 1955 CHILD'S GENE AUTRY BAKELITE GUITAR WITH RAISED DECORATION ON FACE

● ● ●

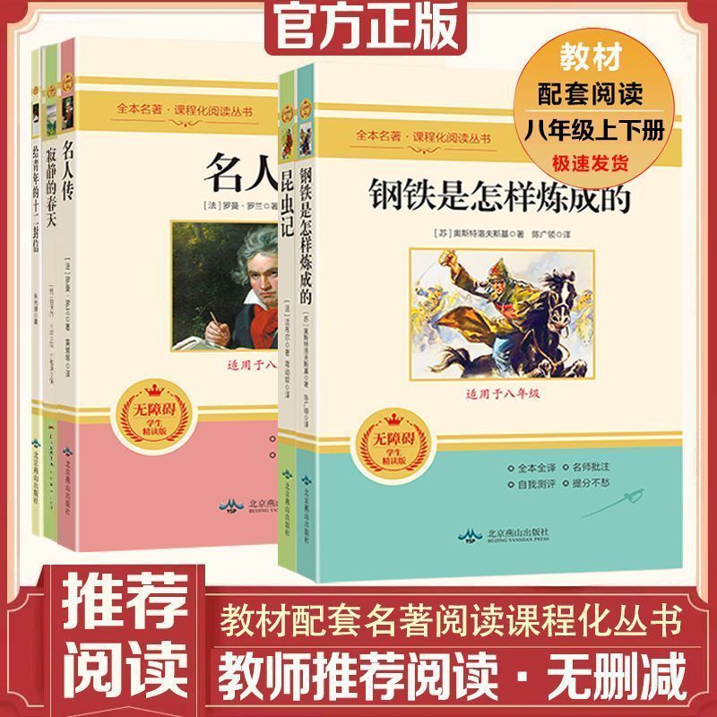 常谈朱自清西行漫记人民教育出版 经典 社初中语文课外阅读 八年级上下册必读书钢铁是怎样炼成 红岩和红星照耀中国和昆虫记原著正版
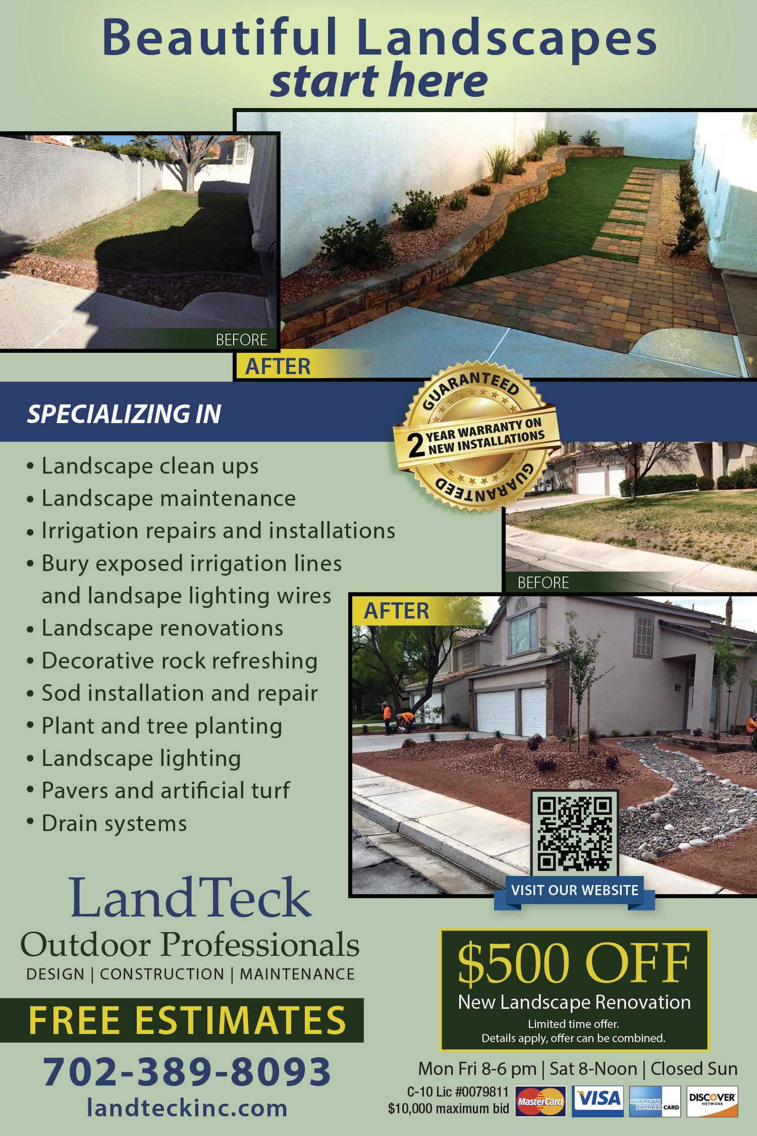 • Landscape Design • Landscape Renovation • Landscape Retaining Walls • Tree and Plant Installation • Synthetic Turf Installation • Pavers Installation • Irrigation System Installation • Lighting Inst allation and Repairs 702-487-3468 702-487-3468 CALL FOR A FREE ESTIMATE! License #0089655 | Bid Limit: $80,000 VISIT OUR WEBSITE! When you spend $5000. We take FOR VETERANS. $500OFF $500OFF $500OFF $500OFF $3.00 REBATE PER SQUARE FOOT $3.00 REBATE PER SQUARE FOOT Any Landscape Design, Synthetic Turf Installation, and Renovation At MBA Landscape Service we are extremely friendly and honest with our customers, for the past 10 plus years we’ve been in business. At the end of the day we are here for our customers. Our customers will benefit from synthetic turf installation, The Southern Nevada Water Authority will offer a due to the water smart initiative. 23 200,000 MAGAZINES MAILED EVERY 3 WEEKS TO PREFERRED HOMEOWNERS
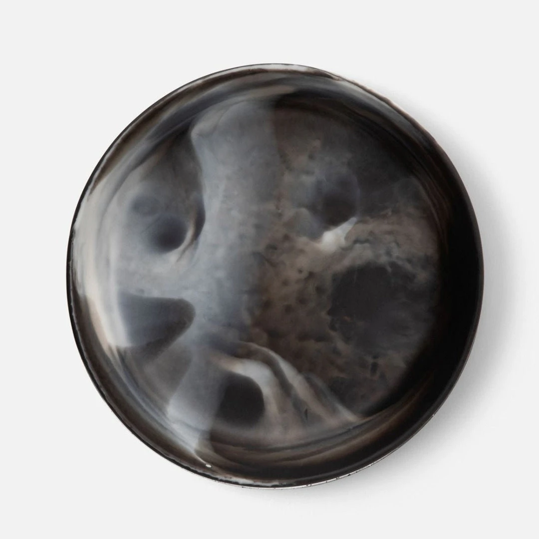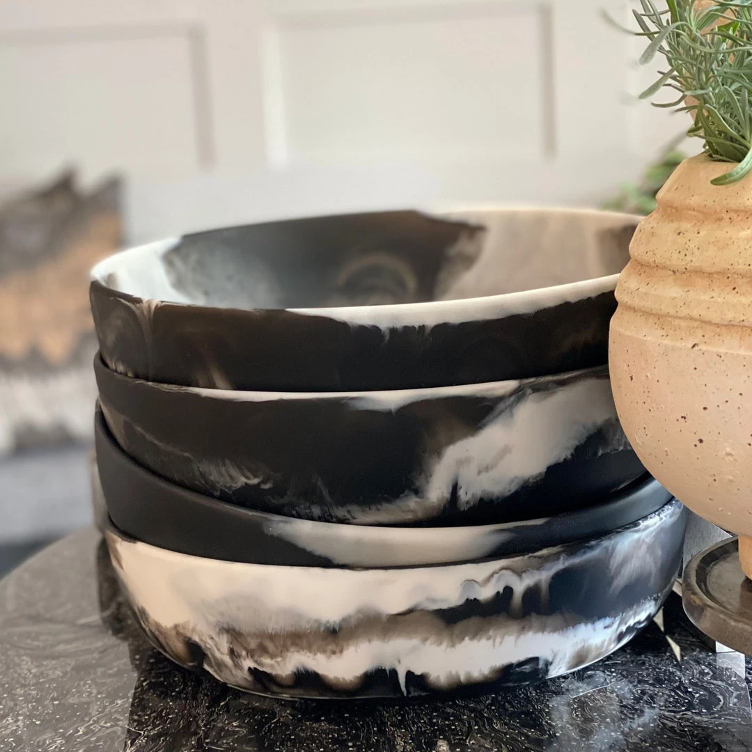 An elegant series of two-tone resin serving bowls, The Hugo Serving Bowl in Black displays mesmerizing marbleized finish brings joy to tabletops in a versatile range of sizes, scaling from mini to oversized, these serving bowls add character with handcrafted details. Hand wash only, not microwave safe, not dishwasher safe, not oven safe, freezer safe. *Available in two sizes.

● ● ●

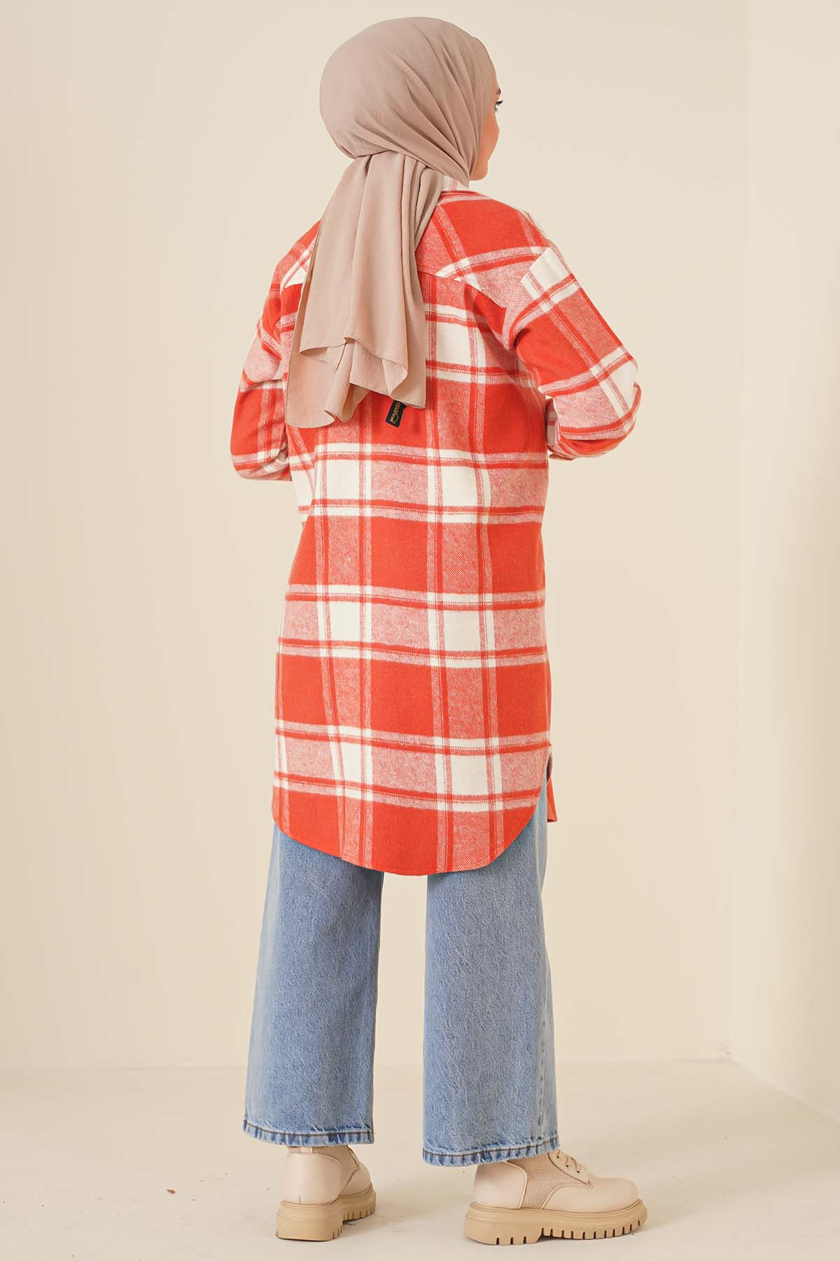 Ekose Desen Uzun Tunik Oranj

● ● ●

[Exercise description]: Retype, exactly and with no pictures, everything above from the line with "常谈朱自清西行漫记人民教育出版 经典 社初中语文课外阅读" down to the line with "An elegant series", both included.

[Reply]:
 常谈朱自清西行漫记人民教育出版 经典 社初中语文课外阅读 八年级上下册必读书钢铁是怎样炼成 红岩和红星照耀中国和昆虫记原著正版
 • Landscape Design • Landscape Renovation • Landscape Retaining Walls • Tree and Plant Installation • Synthetic Turf Installation • Pavers Installation • Irrigation System Installation • Lighting Inst allation and Repairs 702-487-3468 702-487-3468 CALL FOR A FREE ESTIMATE! License #0089655 | Bid Limit: $80,000 VISIT OUR WEBSITE! When you spend $5000. We take FOR VETERANS. $500OFF $500OFF $500OFF $500OFF $3.00 REBATE PER SQUARE FOOT $3.00 REBATE PER SQUARE FOOT Any Landscape Design, Synthetic Turf Installation, and Renovation At MBA Landscape Service we are extremely friendly and honest with our customers, for the past 10 plus years we’ve been in business. At the end of the day we are here for our customers. Our customers will benefit from synthetic turf installation, The Southern Nevada Water Authority will offer a due to the water smart initiative. 23 200,000 MAGAZINES MAILED EVERY 3 WEEKS TO PREFERRED HOMEOWNERS
 An elegant series of two-tone resin serving bowls, The Hugo Serving Bowl in Black displays mesmerizing marbleized finish brings joy to tabletops in a versatile range of sizes, scaling from mini to oversized, these serving bowls add character with handcrafted details. Hand wash only, not microwave safe, not dishwasher safe, not oven safe, freezer safe. *Available in two sizes.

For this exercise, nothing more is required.